Keim’s research shows that ARS has 21 paramedics and 14 EMTs on its roster. The fire department has 32 paramedics and 12 EMTS. If the departments were combined it would mean 53 paramedics and 26 EMTs available to serve Antioch-area residents, above the average of 40 paramedics and 21 EMTs of the six surveyed EMS departments that operate under the umbrella of their fire departments.

The First Fire Protection District, which serves the township, also renewed a 90-day contract with ARS. During the next 90 days officials from the fire protection district and village will discuss the coordination of rescue services and the option of combining rescue and fire services.

“There are several ways to combine emergency services, but I recommend that it be done under a single command. I am not recommending the demise of ARS, but instead reaching a middle ground on the best way to provide services going forward,” said Keim.

The village and fire district share oversight of the fire department under Fire Chief John Nixon, who said he supports extending the ARS contract although his staff could gear up quickly to take over rescue services.

The fire department is funded by taxpayers to provide fire protection services.

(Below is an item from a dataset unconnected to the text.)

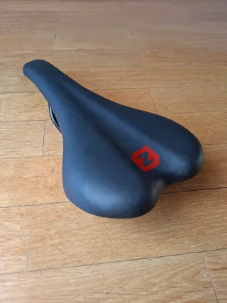 Sillín de bicicleta de una Smart z bike en color negro con un distintivo logo rojo, a estrenar, lo quité nada más estrenar la estática por otro modelo. - Diseño ergonómico.

ARS operates as a separate, private organization, partially funded by taxpayers and donations to provide ambulance services. It is now under the leadership of Acting Chief Brian DeKind.

The volunteer organization has been providing emergency medical services to the village for 72 years.

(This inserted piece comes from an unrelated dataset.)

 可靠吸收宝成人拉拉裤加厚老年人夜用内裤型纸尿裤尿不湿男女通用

The fire department is also staffed by volunteers with some paid members. ARS contracts with Kurtz Paramedic Service for weekday coverage, but otherwise is staffed by volunteers.

“We’ve got a lot of homework to do over the next 90 days,” said Trustee George Sakas. “This will get us through the response by IDPH and meeting with the fire protection district. This gets us to mid-February to make some decisions.”